As Guyana focuses on its economic diversification strategy, the country is expanding its ecotourism sector and its expansive forest cover is being leveraged to push this emerging venture.
With over 18 million hectares of trees, Guyana’s rainforests are home to an abundance of biodiversity and natural attractions – like waterfalls and mountains – which makes the country an ideal ecotourism destination.
But apart from attracting tourists with its intrinsic beauty, swaths of rainforests are being designed to create ecovillages while timber from these rainforests are being used to construct urban ecolodges.

In August 2023, the product of one of these eco-ventures was opened in Great Diamond, East Bank Demerara, near a new highway and just a few minutes away from the country’s National Stadium in Providence.
Opened just in time for the Guyana leg of the 2023 Caribbean Premier League (a regional cricket tournament), the ecovillage contained 30 wooden ecolodges and was also an accommodation option for tourists who visited the country to attend the tournament.
While visiting the project in the same month it opened, Guyana’s President Dr. Irfaan Ali highlighted that everything used to build the area was “Guyanese wood, Guyanese labour, painting, and manufacturing.”
Ali said the eco-friendly venture is an example of the types of projects that the government wanted to support that could benefit players in multiple industries including the tourism and manufacturing sectors.
Ali added, “One of the bigger aims of the project is to show the potential of wood and what we can build with wood.”

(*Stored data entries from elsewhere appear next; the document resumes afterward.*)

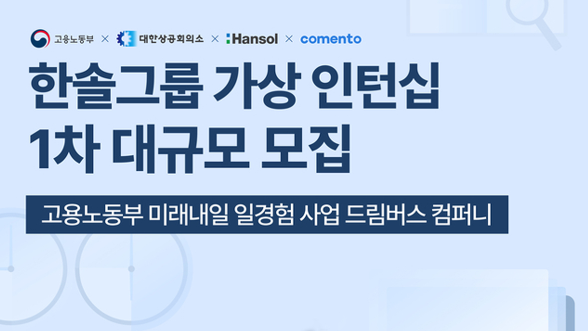 한솔 드림버스 컴퍼니는 고용노동부가 추진하는 미래내일 일경험 사업 지원을 받아 본 사업의 운영기관인 코멘토와 함께 진행하는 사업입니다. 일경험 프로그램은 참여자의 직무역량과 취업 의욕을 높이기 위해 실제 기업에서의 다양한 직무 경험을 제공하고자 마련된 취업지원 프로그램입니다.
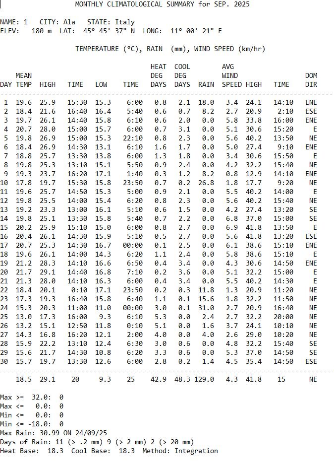 Stazione meteorologica amatoriale di Ala (Trento) - 180m slm - 45°45'37''N - 11°00'21''E
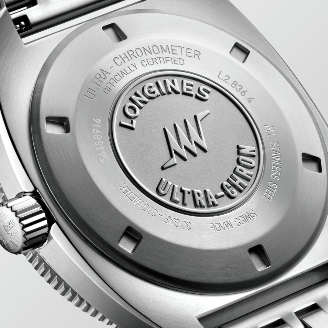 Longines Ultra-chron je inšpirovaný profesionálnymi potápačskými hodinkami z roku 1968, a to nielen po vizuálnej stránke, ale aj po stránke technickej. K základným prednostiam patrí vysokofrekvenčný kaliber L836.6, ktorého kremíkový vlások osciluje rýchlosťou 36 000 úderov za minútu (10 úderov za sekundu). Frekvencia zvýšená na 5 Hz zaručuje vyššiu presnosť hodín, ktorú si Longines nechal otestovať nezávislým testovacím laboratóriom Timelab sídliacim v Ženeve. Samotný názov Ultra-chron vychádza z certifikátu Ultra-chronometer, ktorý sa riadi ešte prísnejšími normami ako „štandardný“ chronometer. Rezerva chodu je dostačujúcich 52 hodín a vodotesnosť 300 metrov. Toľko k technickej stránke hodín.

Built on just two acres of land, the 30-unit project was first announced as part of the DuraVilla Homes Guyana Inc. 1000 plus timber housing project which was launched by President Ali in February 2023.
At that event, Ali explained the urban ecolodge project is meant to showcase how functional yet luxurious wooden structures can be.
He also said it is important to find ways of using timber products better.
For this project, wood is used for the structure and every other component of each building which would ideally guarantee little wood waste.
It is also expected that this project will be expanded to more rural and possibly, hinterland areas where the government hopes to develop the ecotourism products offered.

While similar structures already exist in Indigenous communities in Guyana’s hinterland, several communities are seeking to build additional structures to benefit from the national focus on attracting more tourists interested in ecotourism.
Indigenous communities are using some of the funds earned through Guyana’s carbon credits venture to develop these new ecolodges.
Another key dimension of the Urban Ecolodge project is that it seeks to empower Guyanese women.
With Government support, groups of women are pooling their funds to own units in the new ecovillages being constructed.

To date, President Ali has said that private developers are expressing their interest in investing in the ecolodge venture.
He is on record stating, “There is a proposal to do a similar facility to do something like this by a private developer in Leguan.”
Leguan is one of the larger islands found in Guyana’s largest river, the Essequibo River.
There are more than 300 islands, of various sizes, found in Essequibo.
Given the interest in the project, Ali said consideration is being given to expanding this project to other islands and communities.

The Head of DuraVilla Homes, Rafeek Khan, reported that Guyana earned about USD $34.5 million from forestry exports at the end of 2022.
Khan also spoke at the launch of the 1000 plus homes project in February 2023 and pitched the project as a potential to increase Guyana’s earnings by US$60 million at the end of 2023.
But building ecovillages isn’t the only new economic venture that Guyana’s forestry sector is contributing to.
Guyana is also making prefabricated houses to satisfy huge housing demands locally and across the Caribbean.
In the region, Barbados and St. Vincent and the Grenadines are among the nations that are sourcing these houses from Guyana.

Beyond these ventures, the country hopes to also earn from protecting its forests.
For years, Guyana has focused on keeping its forests intact.
Even with a lucrative timber sector, Guyana’s annual deforestation rate averages at about 0.06 per cent which is 90 per cent lower than other tropical countries.
At the end of 2022, Guyana ventured into the carbon credits market.
It has since secured a deal worth at least USD $750 million – up to 2030 – with American oil firm, Hess Corporation.

Given the financial benefit, Guyana’s government plans to secure more of these deals to keep the forests intact.
The country’s central argument has been that these forests provide a global service by trapping fossil fuel emissions like carbon dioxide.
As Head of DuraVilla Homes, Khan claimed that plans to expand the forestry sector do not conflict with Guyana’s forest-saving agenda as he said that less one per cent of Guyana’s forests is allocated to timber production and local producers “barely use a third of that allocation.”